Только один Евсевий хотел, да и должен был остаться. Он не может, объяснил он, бросить своих перевалышей на произвол судьбы. Надо будет забраться в горы, куда-нибудь подальше, и присмотреть за скотом. Ему выпала самая тяжкая доля, и остальные долговечные существа пообещали наделить его всей той магической силой, какую они способны передавать другим, чтобы он мог защитить себя и своих близких.
Амариллис Лугоцвет и Альпинокс никак не могли расстаться с дорогим их сердцу краем, с любимыми вещами и все еще прощались с ними, когда остальные давно уже отбыли. У них было такое чувство, будто они больше никогда не вернутся сюда, а если и вернутся, то совершенно иными.
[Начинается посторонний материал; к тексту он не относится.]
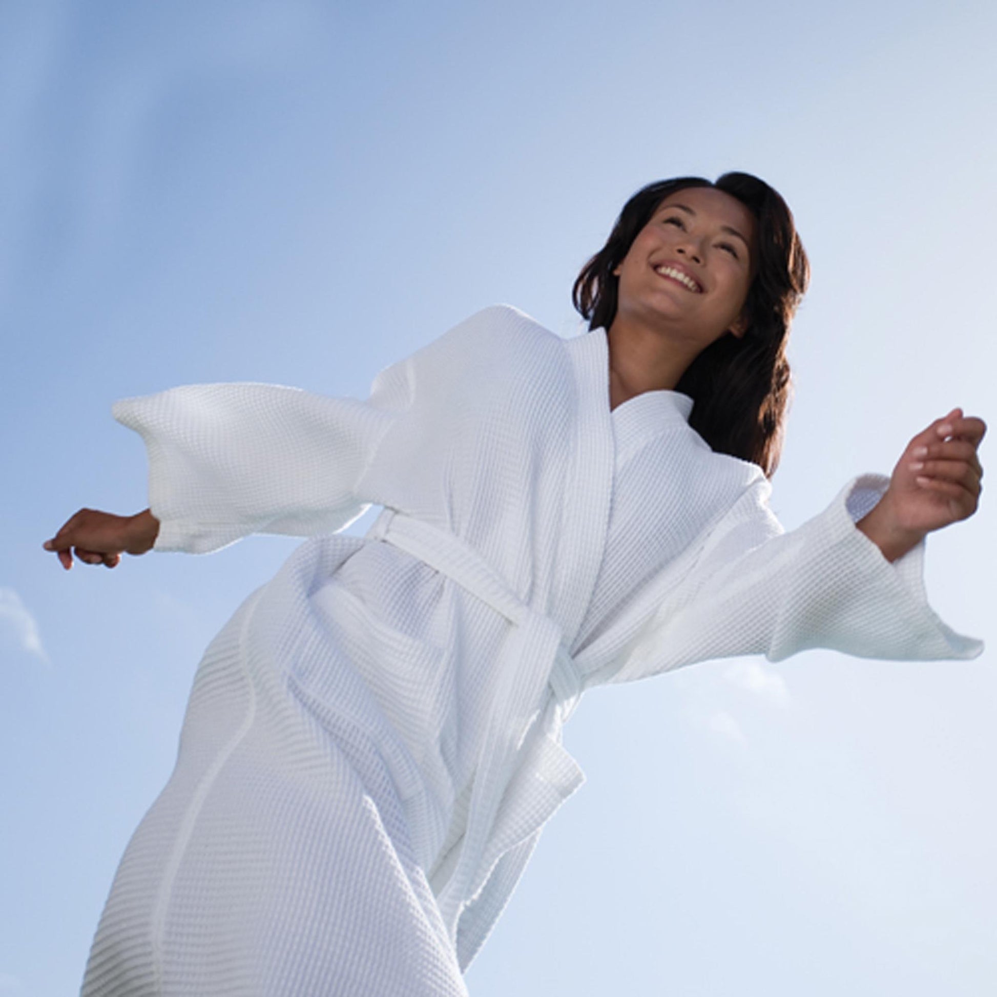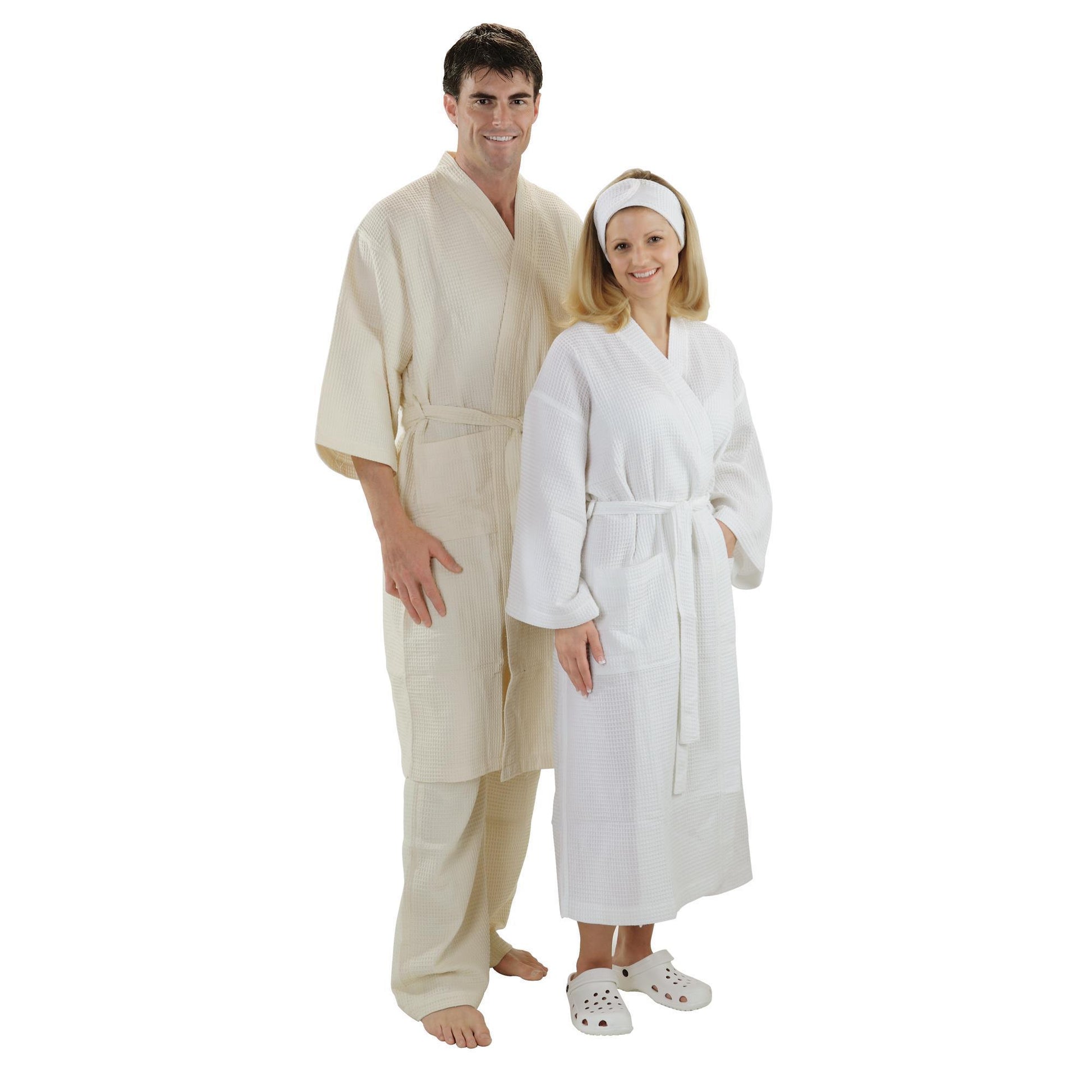 This waffle weave robe is made of a 67/33 blend of cotton and polyester that is comfortable and attractive, yet dries quickly and needs no ironing. It is lightweight and has full-length sleeves and two handy pockets.

Они старались не признаваться себе в том, что подспудно в них жил и другой страх — страх распроститься со столь полюбившейся им формой существования. Страх перед превращением, которому они вынуждены будут себя подвергнуть, даже если еще раз вернутся в эти края. Превращение, которого не избежать, даже если им будет дарована еще одна отсрочка — на тридцать — сорок лет чужанского времени.
Мир оказался всецело в руках чужан, и если они, долговечные существа, хотят вернуть себе былое влияние, то должны превратиться в существа иного порядка, совершенно отличные от чужан, а потому способные повергнуть их в глубочайшее изумление, — и за счет образовавшейся таким путем магической энергии набраться новых сил. Сил, которые они смогут в равных долях употребить на пользу всему живому на земле — растениям, животным, людям, а также самим себе.
В один погожий осенний день в конце сентября, когда Амариллис Лугоцвет в обществе Макса-Фердинанда совершала прогулку вокруг озера, она повстречала невдалеке от берега какого-то чужанина, который приветствовал ее новым приветствием, — и тогда ей стало ясно, что она безотлагательно, сегодня же, лишь только стемнеет, покинет эту страну.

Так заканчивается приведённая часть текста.